Perjalanan 3 Tahun 3 Bulan 3 Hari Seorang Pemimpin
Heni Susilawati, yang sebelumnya menjabat sebagai Direktur Perumda Aneka Usaha Darma Putra Kertaraharja (PDAU) Kuningan, resmi mengakhiri masa kepemimpinannya setelah berjuang selama 3 tahun 3 bulan 3 hari. Angka-angka ini bukan sekadar angka biasa, melainkan simbol dari perjalanan yang penuh makna dan dedikasi.
Dalam unggahan di akun Instagram pribadinya @henisusilawati795, pada 1 November 2025, Heni menyampaikan pesan yang sarat makna.

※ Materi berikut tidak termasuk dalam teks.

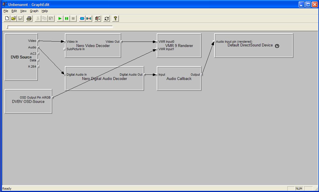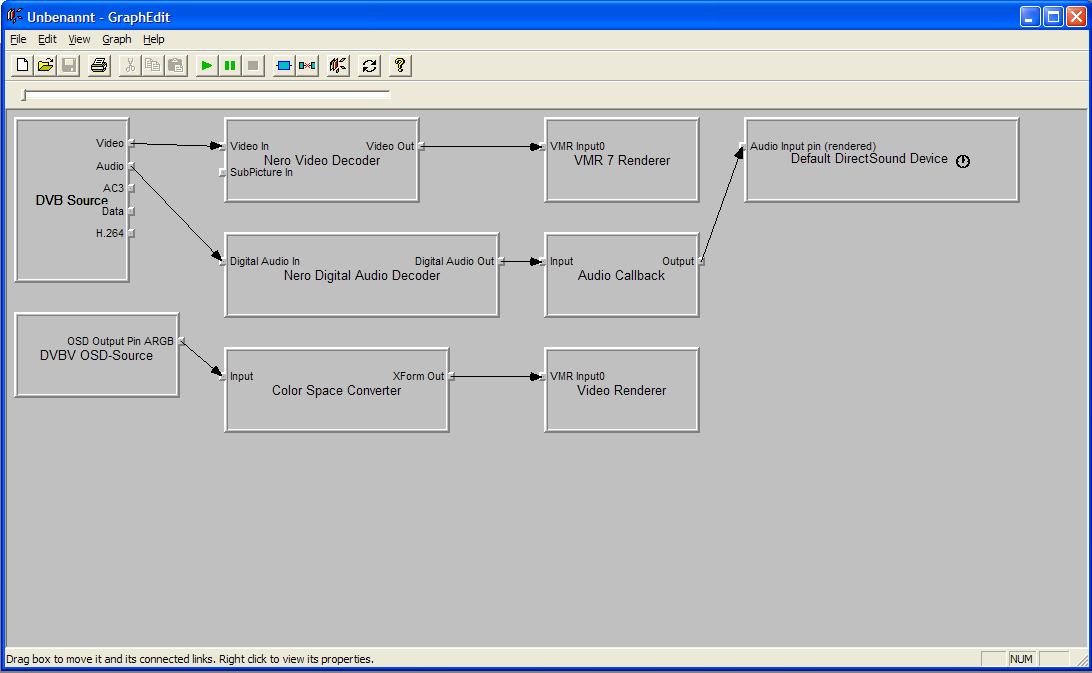 amansi68 Posted October 19, 2006 Author Posted October 19, 2006 Hallo, ich habe drei Dateien mit Graphedit erstellt und angehängt: vieleicht kannst du daran was erkennen. Übrigens habe ich entdeckt das wenn man in Graphedit in der Iconleiste auf die grüne Play Taste klickt geht das ActiveMovie Window Fenster auf bei VRM7. Quote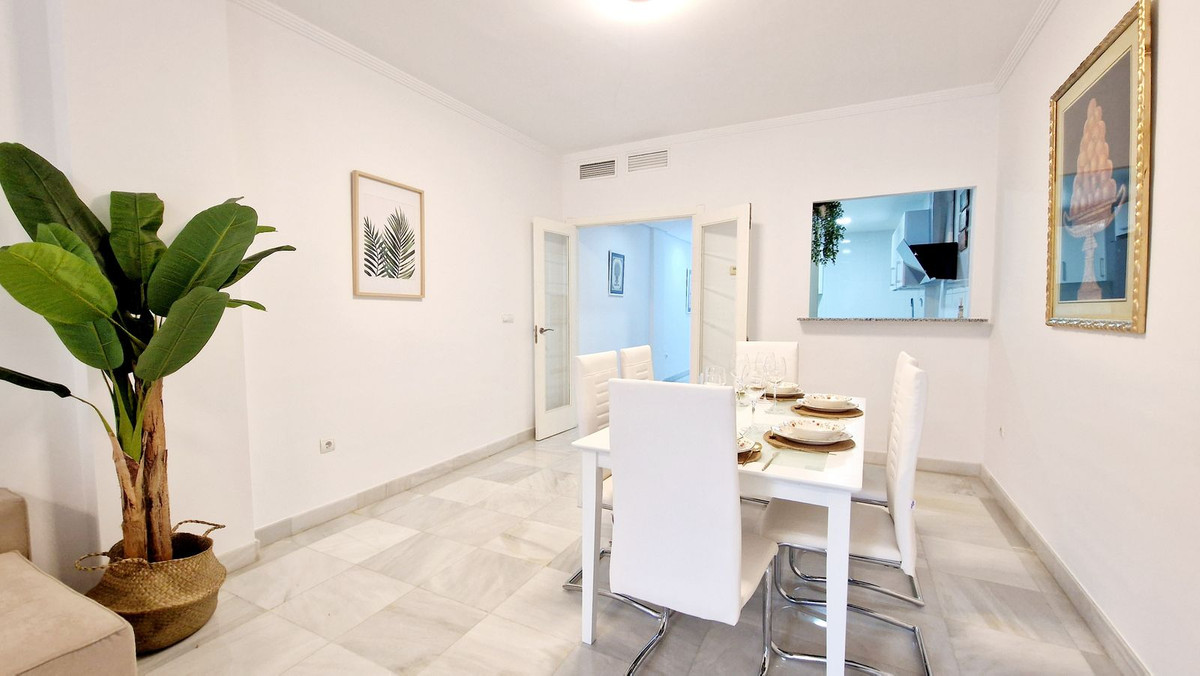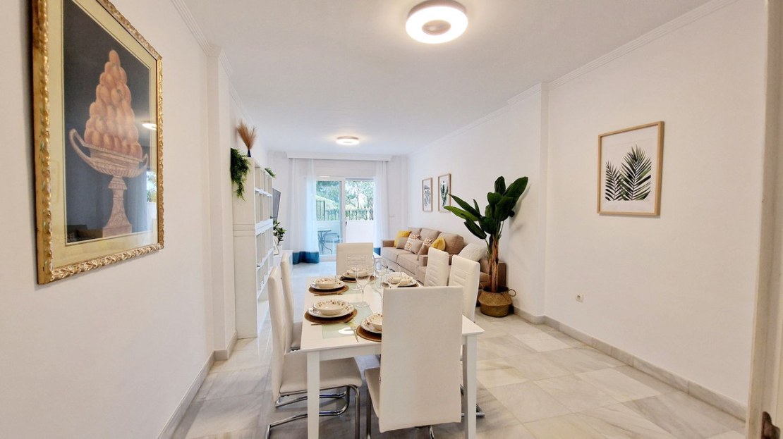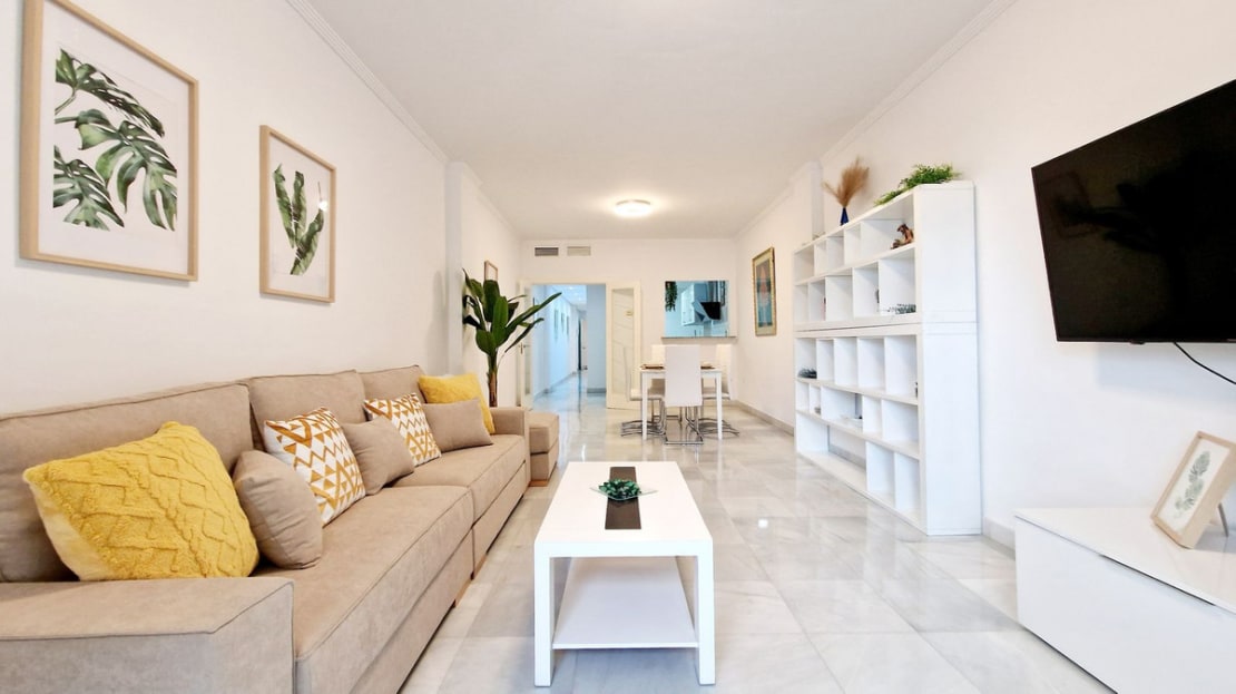 Discover this beautifully refurbished 2-bedroom, 2-bathroom first-floor apartment located just steps away from the golden sands of Playa La Rada and the vibrant centre of Estepona. Sea views from the terrace!

Ia menulis bahwa ia menyerahkan surat pengunduran diri dari jabatan Direktur Perumda Aneka Usaha Kuningan periode 2022-2027. Dengan kata-kata yang elegan, ia menjelaskan bahwa ia telah mengabdikan diri selama 3 tahun 3 bulan 3 hari, sebuah perjalanan yang tidak hanya tentang jabatan, tetapi juga tentang waktu, dedikasi, dan mungkin sedikit luka yang tak terucapkan.
Unggahannya bukan sekadar pengumuman, tetapi seperti catatan akhir dari seseorang yang pernah menghadapi badai dan tenang dalam kapal bernama BUMD—Perumda Aneka Usaha Kuningan. Dalam tulisan tersebut, Heni mengisahkan bagaimana selama masa jabatannya, ia berhasil menyelesaikan masalah lama, memperbaiki tata kelola organisasi, dan mengembangkan bisnis wisata.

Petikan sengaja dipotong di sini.